By Jason Fordney
SACRAMENTO, Calif. — A California State Senate bill that would require utilities to obtain 100% of their electricity from zero-carbon sources by the end of 2045 advanced through a key committee in the legislature’s lower house on Wednesday.
The Assembly Utilities and Energy Committee voted 10-4 along party lines to pass SB-100, which the Senate passed on a 25-13 vote in May.
The bill retains qualifying resources such as wind, solar, geothermal and others currently under the state’s renewable portfolio standard for the first 60% of the requirement, a threshold power sellers must meet by 2030. It does not specify what resources will qualify for the additional 40% target after 2030, except that they be zero carbon. This would keep hydroelectric plants larger than 30 MW in the mix.
Natural gas-fired generation currently accounts for about 36% of California’s electricity mix, followed by renewables (25%), large hydro (10%) and nuclear (9%), according to state data. Imports of coal-fired power still make up about 4% of sales.
While many building trade, renewable energy and public interest groups spoke in favor of the bill at a July 12 hearing at the state capitol, utility representatives complained that their companies will be responsible for dealing with the challenges of implementation.
“None of those stakeholders have all that much skin in the game to how this all actually works,” Southern California Edison lobbyist Ryan Pierini said, adding that utilities are held responsible if blackouts occur. The utility doesn’t oppose the goal but has concerns about the methods of getting there, he said.
A Sacramento Municipal Utilities District representative said the utility does not have a position on the bill, but that transmission constraints will make it difficult to attain. The utility hopes to be granted some “flexibility” in reaching the goal because there are worries over grid reliability and costs.
During the hearing, committee Chairman Chris Holden (D) and Vice Chair Jim Patterson (R) debated the number of jobs and companies leaving California, which Patterson said is losing economic development because of energy costs.
Patterson said that the legislature had not considered the impact on ratepayers struggling with high electricity bills and facing utility cut-offs.
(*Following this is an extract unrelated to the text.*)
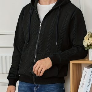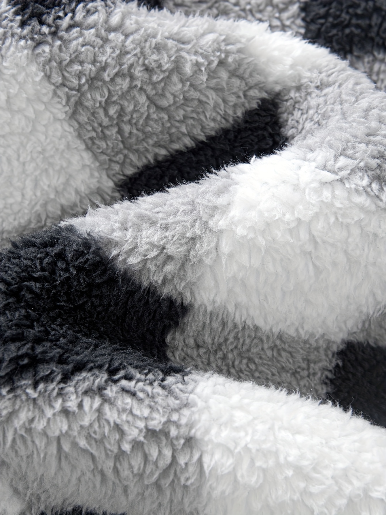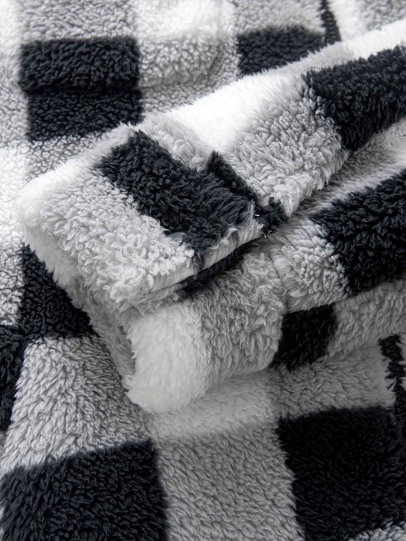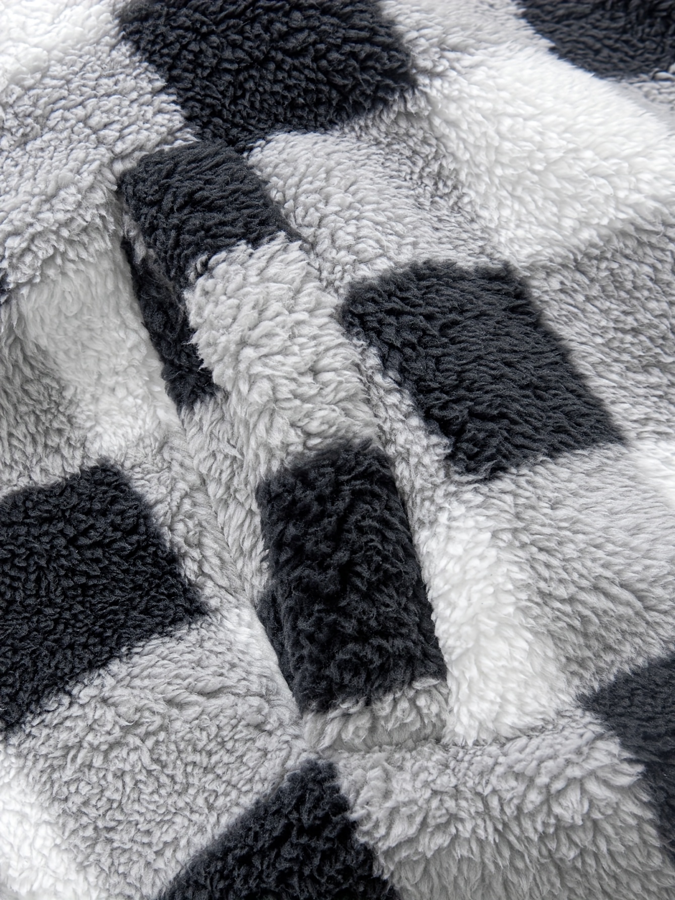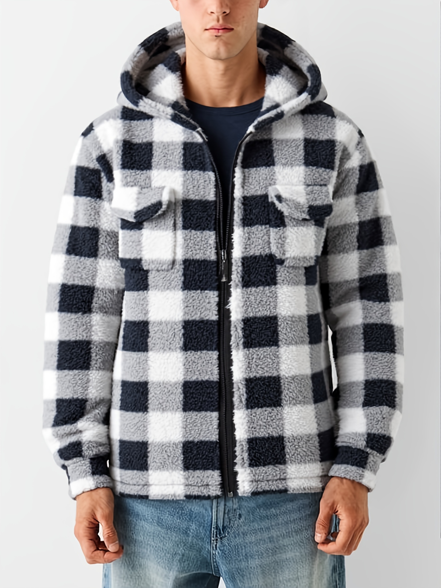 1pc Men’S Double-Sided Plush Plaid Zip-Up Hoodie – Casual Loose Fit, Long Sleeve, Black & White Checkered Pattern, Front Pocket, Zipper Closure, Soft Flannel Fabric, Perfect for Fall & Winter, Autumn Casual Wear | Checkered Pattern Hoodie | Soft Flannel Hoodie
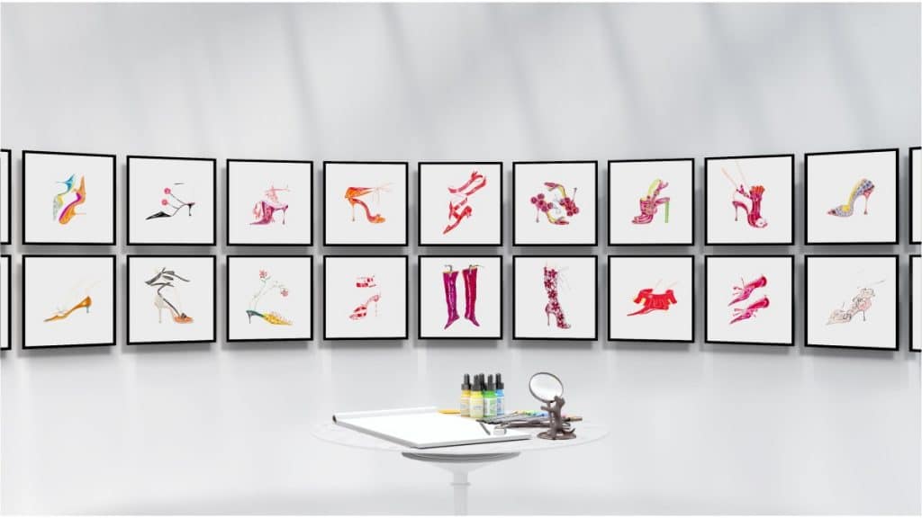 Bocetos, fotografías de archivo y vídeos… La casa recorre cinco décadas de fantasía, cristales, colores alegres y tacones vertiginosos. En otras palabras, el fabricante de zapatos español ofrece una inmersión completa a través de cinco espacios temáticos en el corazón del proceso de fabricación de los tacones de aguja que han hecho su reputación internacional en la actualidad.

“We are … going full-blown into an area in which we have no definitive information about the costs,” Patterson said.
Holden told Patterson that “we have different perspectives on this issue.”
The bill also requires the California Energy Commission and California Air Resources Board to incorporate the policy into all relevant policies and programs. If passed, the law will oblige those agencies and CAISO to provide legislators with an implementation report every two years beginning Feb. 1, 2019.